Slice the kernels from the cobs, reserving both the kernels and the cobs.To a large, heavy saucepan, add the cream, milk, and sugar. Whisk to combine, add the cobs, and scald over medium. Set aside to steep for 20 minutes. This is your ice cream base.
Step 2
In a heavy skillet, heat the butter until it begins to brown. Add the corn kernels and brown sugar, and sauté for 2-3 minutes or until the corn begins to soften. Set aside.
Step 3
Now return to your ice cream base. Remove and discard the cobs.Add the sweet corn mixture, and purée to a smooth consistency with an immersion blender or in a traditional blender.Use a fine-mesh sieve to strain out the solids, especially if not using a high-powered blender, like a Vitamix.
Step 4
Temper the egg yolks by adding the ice cream base, ¼ cup at a time, while whisking.
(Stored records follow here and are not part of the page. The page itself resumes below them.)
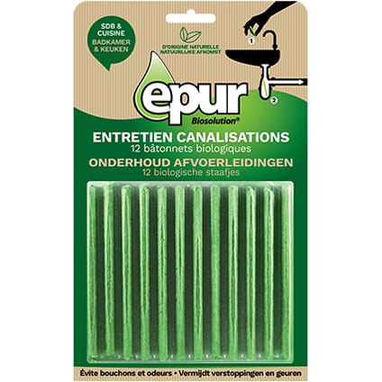 Epur Biological Drain Sticks keep your kitchen and bathroom drains clean naturally. 100% eco-friendly, chemical-free, using enzymes and non-pathogenic bacteria. Prevents clogs and bad odors – easy to use monthly.
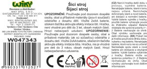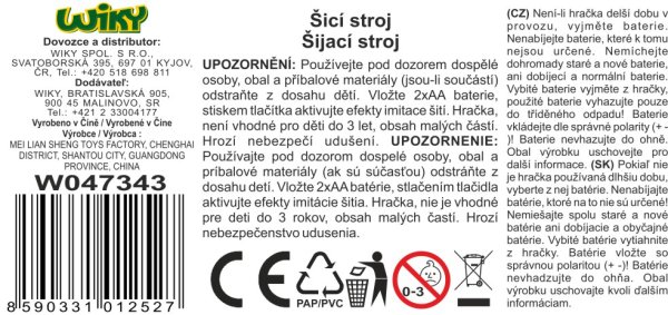Šicí stroj s efekty. Velikost 14 cm. Vydává světelné a zvukové efekty. Přesné rozměry 15x7x14 cm. Baterie 2xAA nejsou součástí balení.
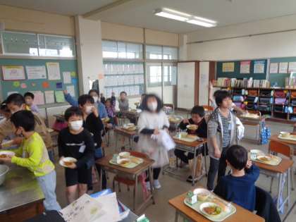 もうすぐ3年生。「協力する力を高めよう」というテーマのもと、目安として給食の準備に要した時間を測り、素早く協力して準備できるようにしています。
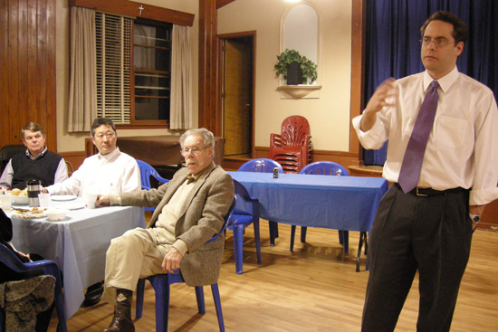 ▲지난 19일 락클랜드-웨체스터 노회 모임이 업스테이트 뉴욕 웨스트 나약에 위치한 클락스타운 개혁장로교회에서 진행됐다. 더글라스 목사는 식사 후 간증 시간과 예배 중 사역 소개 시간을 가졌다.
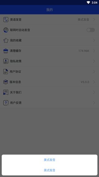 5、另外,点击我的,用户还可切换中式或者美式发音。
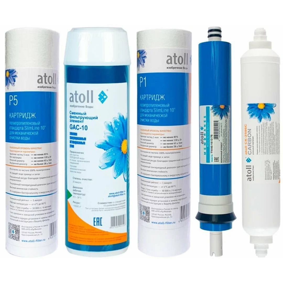 | Минусы: | В данном наборе синяя мембрана (или фильтр) не той фирмы, что заявлена на картинке (filmtec). В наборе пришла мембрана atoll. |
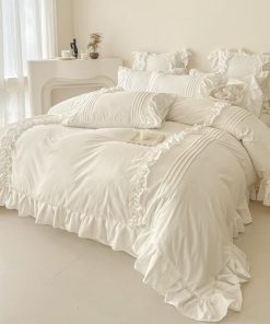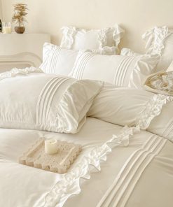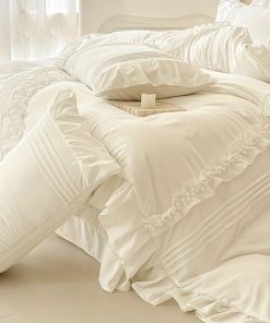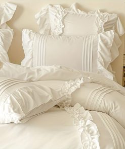 Este juego de ropa de cama adornado con volantes encantadores y pompones que crean un ambiente acogedor e invitador, agregando un toque de elegancia y suavidad a la decoración de tu dormitorio.
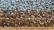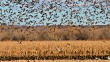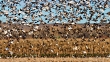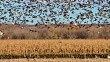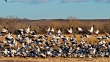 Snow Geese (Anser caerulescens), Ross’s Geese (Anser rossii), and several duck species (primarily Mallards [Anas platyrhynchos]) over Bosque del Apache National Wildlife Refuge on the Rio Grande in New Mexico.
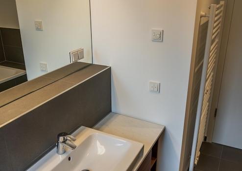 - Badezimmer inkl. Wanne, barrierefreier Dusche, Handtuchheizkörper, Waschtischunterschrank
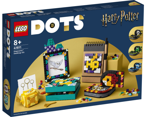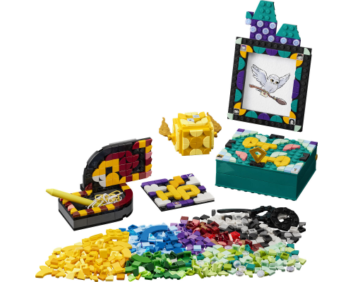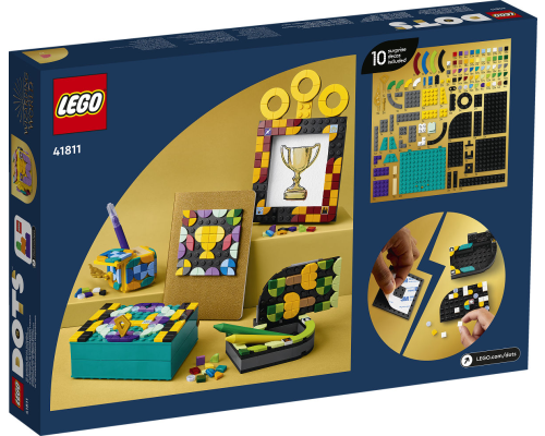 Keer terug naar Zweinstein! Vrolijk je bureau op met deze leuke LEGO DOTS set. Haal de onderdelen uit de doos, maak het fotolijstje (en kies je favoriete decoratieve extraatje), zet het bakje in de vorm van een afdelingssjaal, de Gouden Snaai notitiehoude

Once you have added in about 1 cup of base, return the yolk mixture to the large saucepan, and whisk to combine. Add the salt and several gratings of fresh nutmeg.
Step 5
Heat the mixture over medium-low, whisking constantly, until thickened (the mixture will coat the back of a spoon). Remove from heat.
Step 6
Allow to cool to room temperature and store in the fridge. When ready, freeze in an ice cream maker according to the manufacturer’s instructions.Garnish with maple-glazed bacon and/or popcorn, and for an extra treat, top with warm Maple-Bourbon Butter Sauce.